Just a little text update.. a few of my chewere's are starting to show some sweet colour and look awesome! Two of them had a fight and both have white noses now where their teeth tore off some flesh but they are both still quite healthy. I'm working on making a new hood and getting a new light which will hopefully make everything look better and then I'll try to get some pictures up. My yellow fin acei were both holding but now just one is.


----------



## Steve (Mar 27, 2013)

New pics! Plants are starting to do a bit better since I started dosing some flourish






























Fish wise, each fish ranges between about 2.5 inches to 4.5 inches (not including tails) and my estherae and acei are currently breeding.


----------



## Sidius (Mar 25, 2012)

Looking good!! Is Flourish all you're dosing?


----------



## Steve (Mar 27, 2013)

Yup just flourish.. about 1 to 1 & 1/4 capfull per week


----------



## Steve (Mar 27, 2013)

pic of my dominant acei.
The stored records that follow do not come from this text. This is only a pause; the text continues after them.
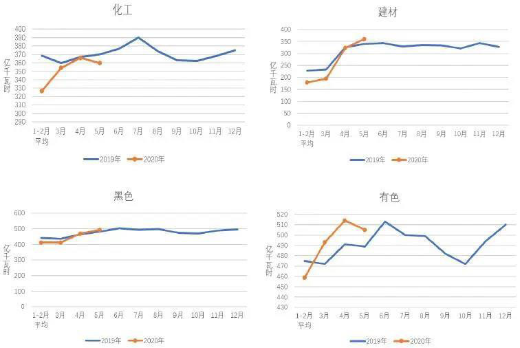 圖4 2019、2020年重點(diǎn)行業(yè)分月用電量情況
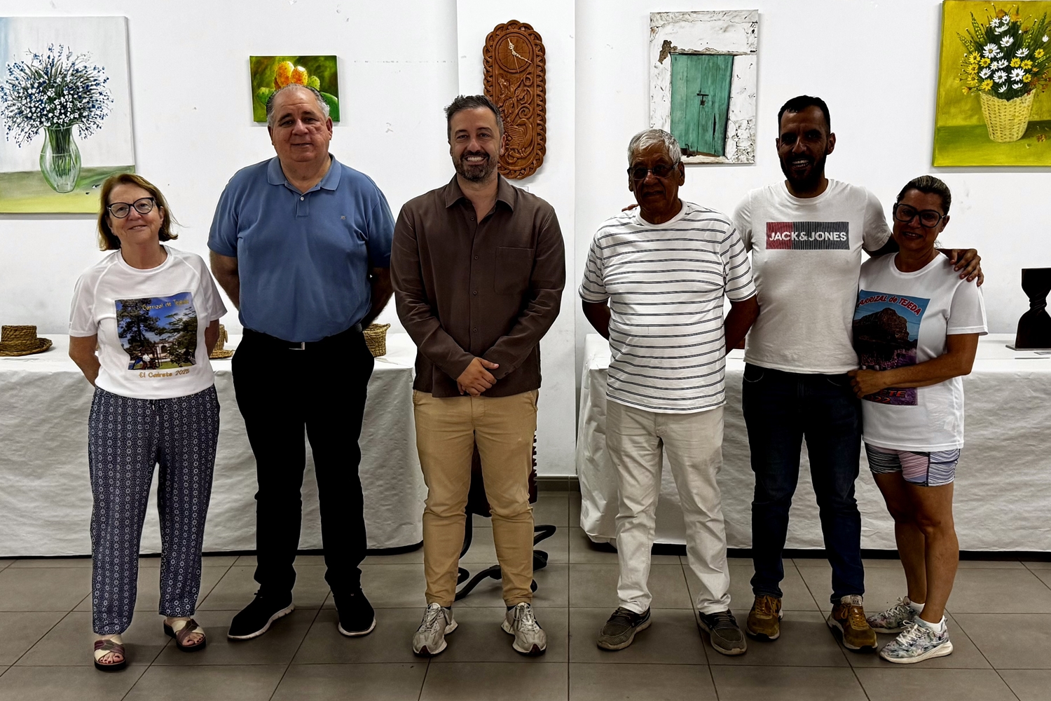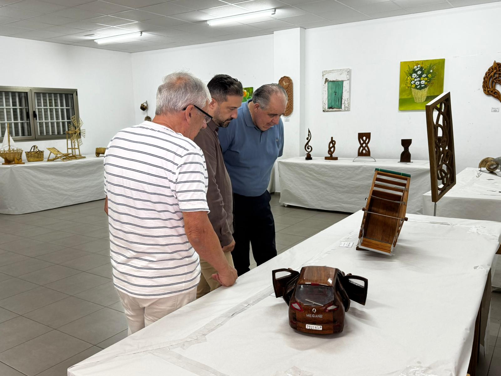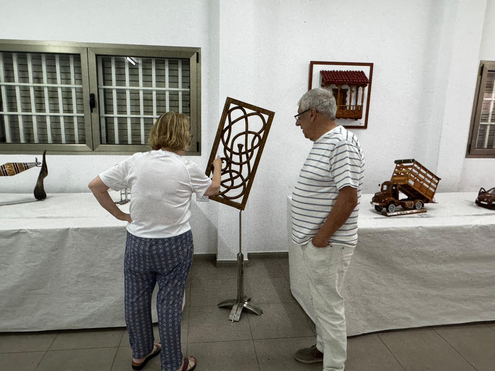 Durante la visita, los representantes municipales acudieron a la exposición del artesano local Sergio Rodríguez Pulido, vecino del barrio, quien presenta una variada muestra de sus trabajos artesanales en diferentes modalidades. La exposición, organizada en el marco de las fiestas del barrio, pone en valor el talento y la dedicación de este creador autodidacta.
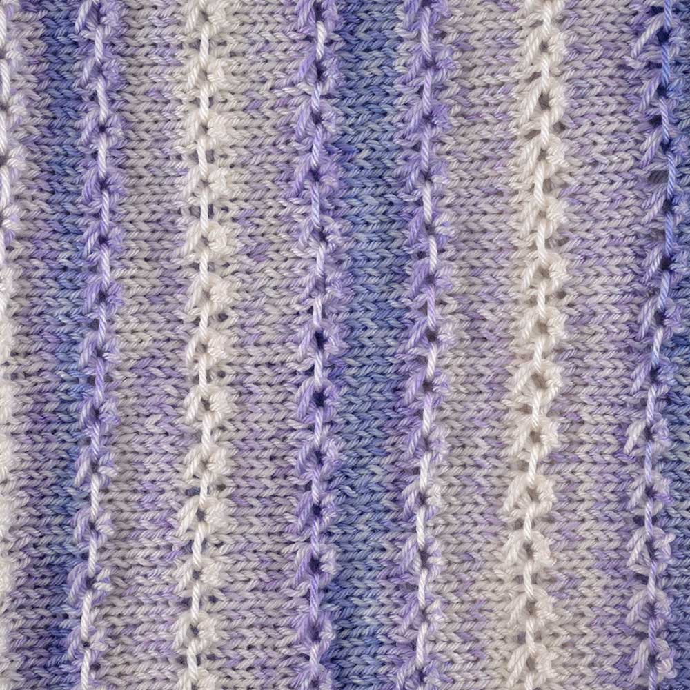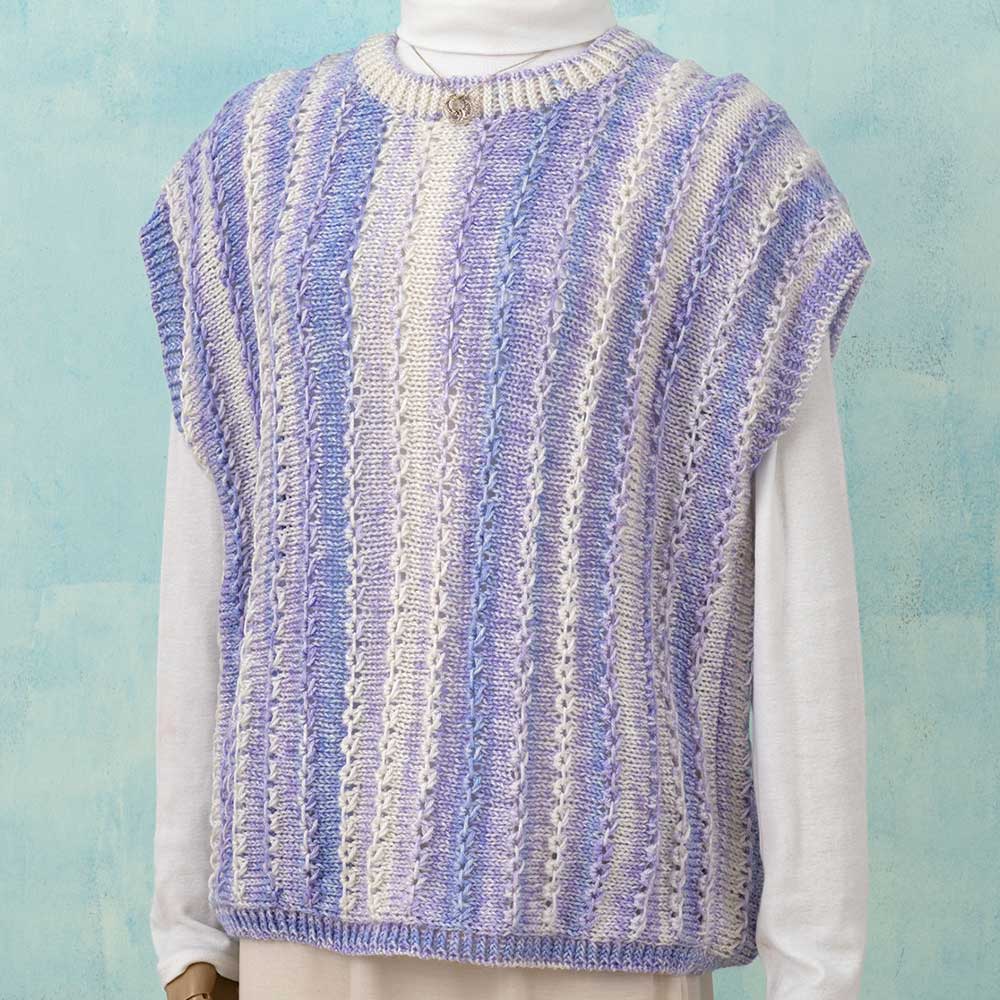 【キット作り方つき】ストライプのような模様になる段染め糸でドライブ編みし、表情豊かな編み地に仕上げるベストです。ゲージが取れる中級以上の方にお勧めします。
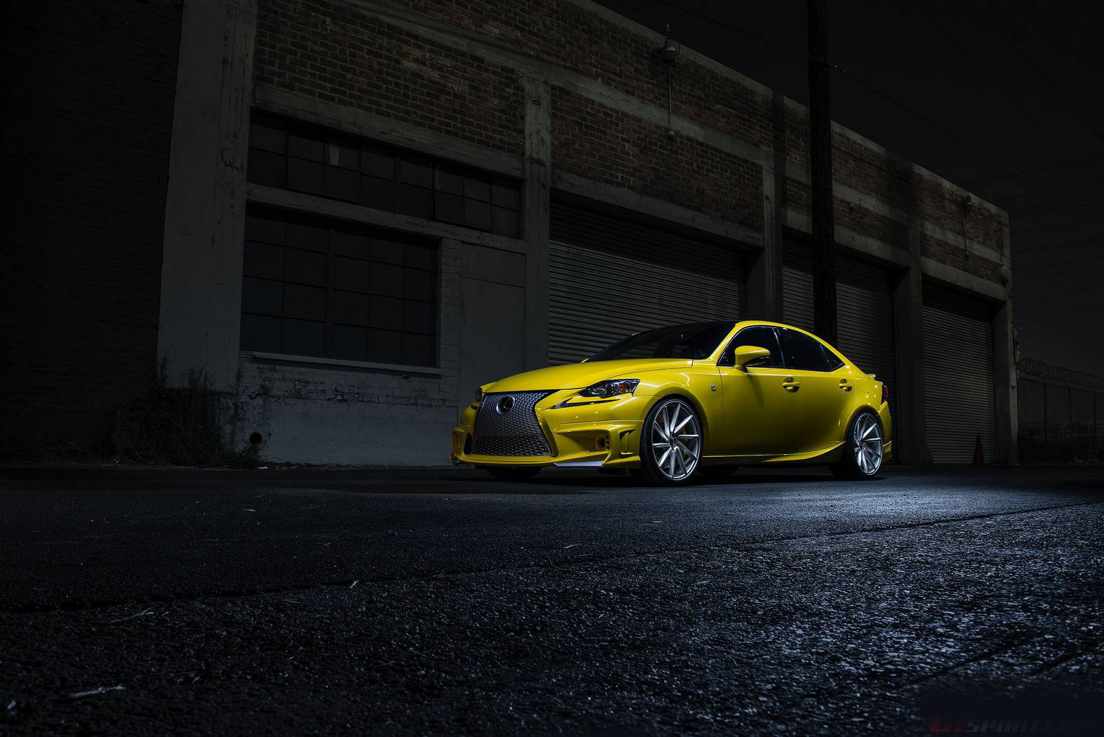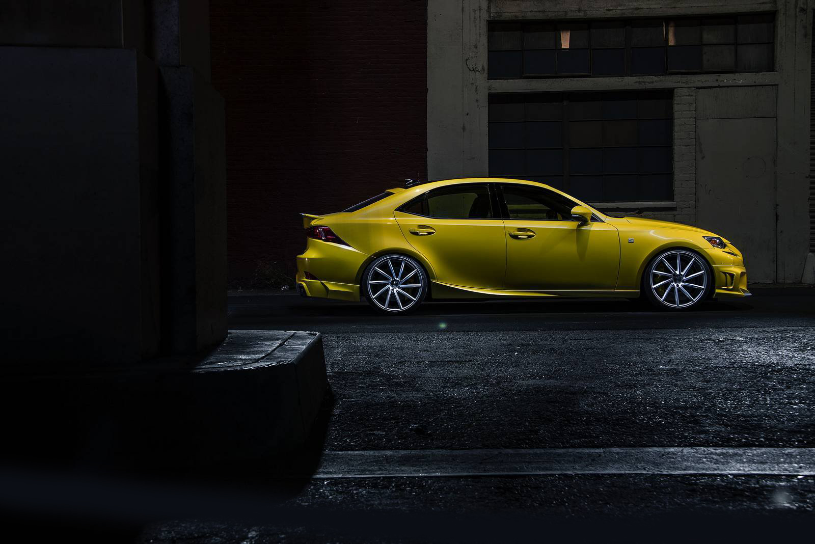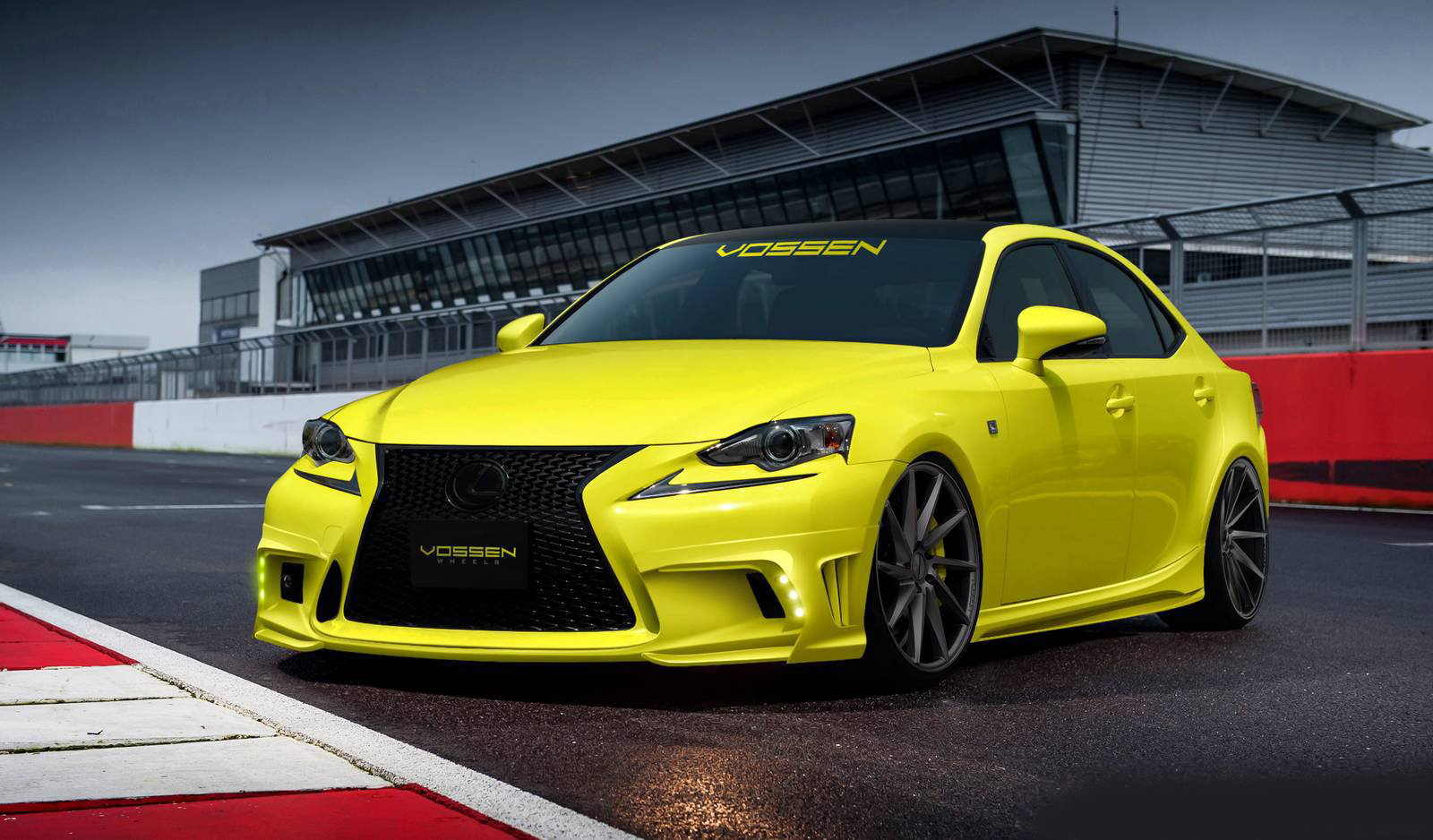 為了SEMA 2013車展,Lexus以全新的Vossen輪圈來創造他們全新獨一無二的2014 Lexus IS 350 F Sport,使得其不論是在視覺上抑或是動力表現上都能與一般版本的IS 350有所區隔,由Vossen打造的Lexus IS 350 F Spor絕對是一輛引人注目的改裝車款。 其中意義最深遠的就是他們Vossen CVT Directional系列的輪圈,採用前20×9 後 20×10.5之配置,搭配Nitto Invo前245/30/20後285/25/20之輪胎,在尺寸上就相當驚人。 再談到空力套件的部份,該車採用全套的Tommy Kaira空力套件,包括前保險桿、LED頭燈、全新側裙、後保險桿及擾流翼,最後再以全車Platinum Motorsport Lexus LFA之黃色塗裝收尾。

Has a tiny bit of fin damage from a couple days ago but is still looking pretty good. He's about 4.5"


----------



## Steve (Mar 27, 2013)

Picture updates! 






















From the top we can see a full tank shot with a holding acei
Second pic shows my subdom chewere
Last pic shows a female msobo magunga... still have no males that have coloured up but with 10 msobo's I assume 1 must be a male..


----------



## Sidius (Mar 25, 2012)

Looking good Steve! That dominant acei is a a beauty..


----------



## jbyoung00008 (May 16, 2011)

What ever fish is in the bottom centre of the second pic is a beauty


----------



## Steve (Mar 27, 2013)

That's my subdominant pseudotropheus chewere. Those fish are definitely my favourite species in the tank and the dominant one looks even better. I can't wait until they get bigger. They're both around 3" or so right now.


----------